» Problem statement:
In the records below, take the line with "2.4m2/min※の大風量" and all lines after it, and copy them exactly, pictures excluded.

★ ★ ★ ★ ★ ★ ★

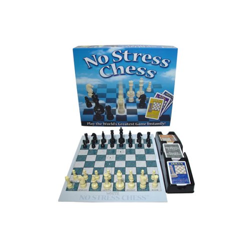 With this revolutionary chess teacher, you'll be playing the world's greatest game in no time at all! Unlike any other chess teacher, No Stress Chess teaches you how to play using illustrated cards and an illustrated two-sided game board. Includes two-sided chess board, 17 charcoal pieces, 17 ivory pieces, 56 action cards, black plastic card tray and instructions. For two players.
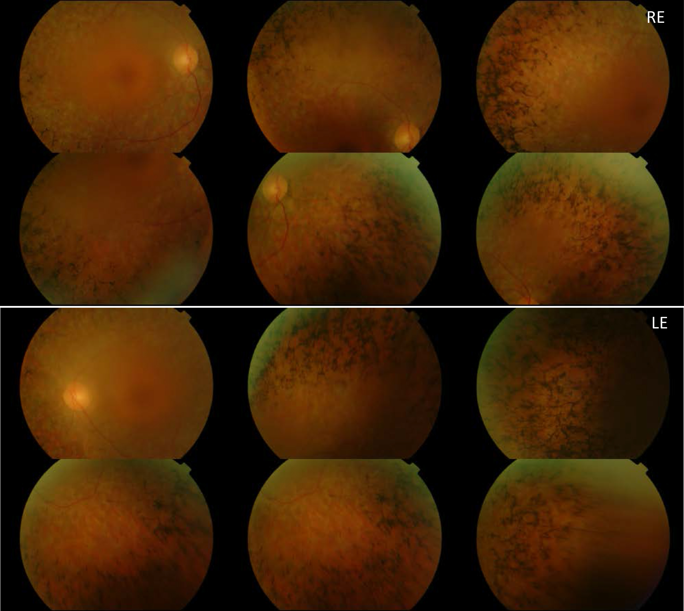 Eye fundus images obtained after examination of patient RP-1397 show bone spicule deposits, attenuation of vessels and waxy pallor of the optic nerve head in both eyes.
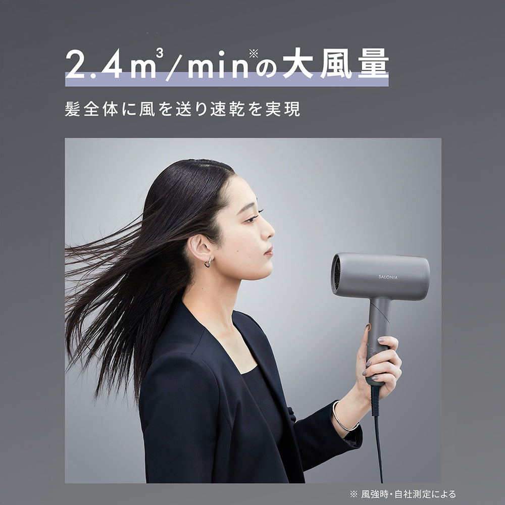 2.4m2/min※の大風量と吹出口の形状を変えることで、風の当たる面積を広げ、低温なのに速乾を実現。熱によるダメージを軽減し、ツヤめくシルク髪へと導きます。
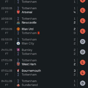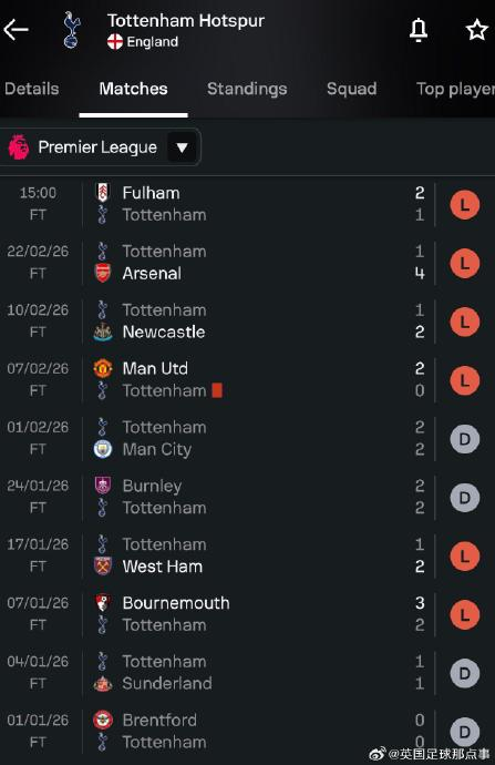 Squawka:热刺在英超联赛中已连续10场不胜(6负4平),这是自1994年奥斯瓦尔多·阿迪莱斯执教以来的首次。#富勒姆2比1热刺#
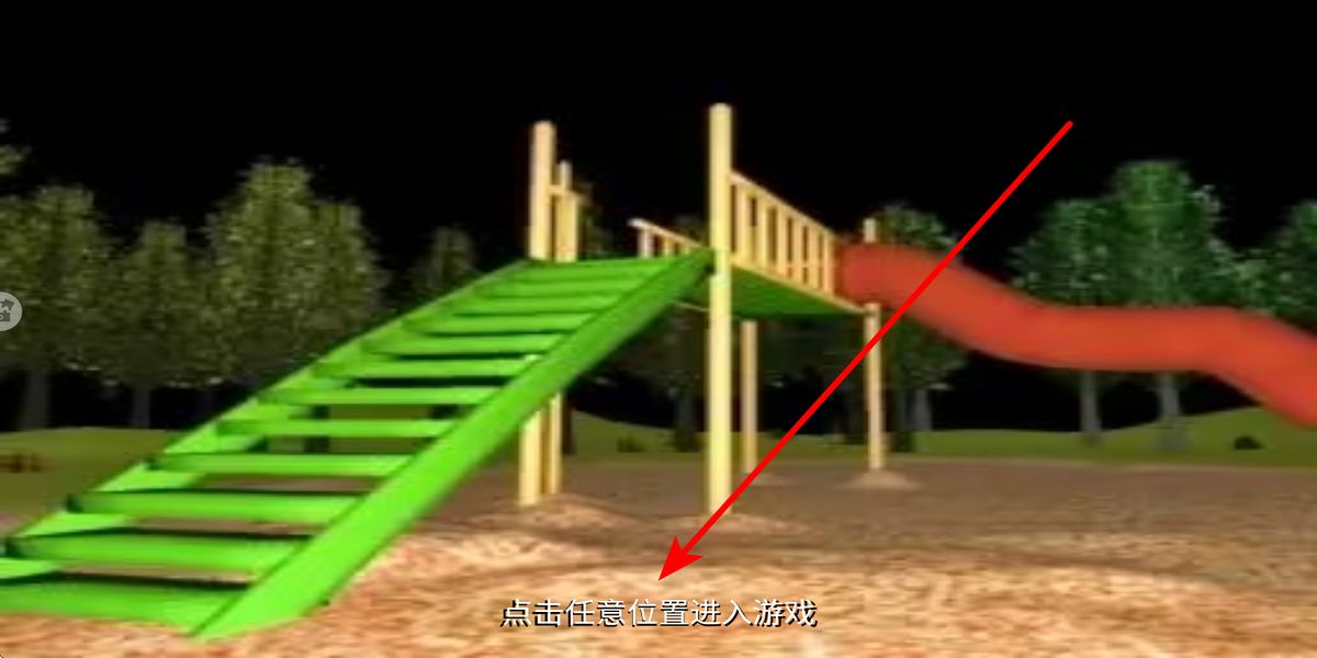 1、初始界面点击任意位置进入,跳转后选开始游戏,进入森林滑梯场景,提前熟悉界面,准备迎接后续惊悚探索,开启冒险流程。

★ ★ ★ ★ ★ ★ ★

» Output for this task:
 2.4m2/min※の大風量と吹出口の形状を変えることで、風の当たる面積を広げ、低温なのに速乾を実現。熱によるダメージを軽減し、ツヤめくシルク髪へと導きます。
 Squawka:热刺在英超联赛中已连续10场不胜(6负4平),这是自1994年奥斯瓦尔多·阿迪莱斯执教以来的首次。#富勒姆2比1热刺#
 1、初始界面点击任意位置进入,跳转后选开始游戏,进入森林滑梯场景,提前熟悉界面,准备迎接后续惊悚探索,开启冒险流程。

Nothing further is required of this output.